You've got a new TT - I'd go back to the dealer and have them get it for you. btw, the sinks (2008s & earlier krs's anyway) only have a cover on 1 side - - - not both


----------



## john7349 (Jan 13, 2008)

I have a 2008 21RS. We were missing the sink cover, so we called the dealer. He checked with the factory and they deleted them for that model. At least that's what i'm told.







I guess I will buy one at CW.


----------



## bradnjess (Mar 25, 2007)

You're dealer would be your best bet. Our's didn't come with one either but according to the Keystone info it should have been included in on of the option packages. When I called the dealer they looked up our campers invoice and said it wasn't ordered from the factory with one. It only cost me $13.00 to order one so I didn't see the need to argue. Good luck

Brad


----------



## skippershe (May 22, 2006)

I got tired of picking our sink covers (kitchen and bath) off the floor everytime we arrived at our destination. They now reside in a cabinet somewhere...

There is a member here (sorry! can't remember their name







) who routed the underside of their kitchen sink cover to make it drop down deeper inside the lip of the sink and it now stays put.
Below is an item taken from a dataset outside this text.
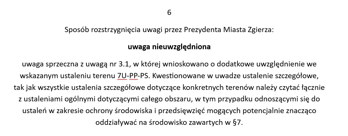 Uwaga 3.1 - Zmiana treści §29 pkt 6 lit. a rozdziału 12 projektu zmiany planu na „ na terenie oznaczonym symbolem 4U-PP-PS i 7U- PP-PS dopuszcza się przedsięwzięcia mogące potencjalnie znacząco oddziaływać na środowisko".

Then, there's always the cutting board mod...Hello counter space!









**edit**
Forgot to mention that our factory kitchen sink cover is white and there was only one for the left side...
bathroom sink cover did match the gray counter.


----------



## jetjane (Feb 8, 2007)

My 31fqbh only came with one for the bigger sink and it is white, not the matching marbly brown. I wish I did have two though because then they would stay in place better during travel.... at least the 2 that came in my Cougar did. A match to the sink or countertop would look nicer too.


----------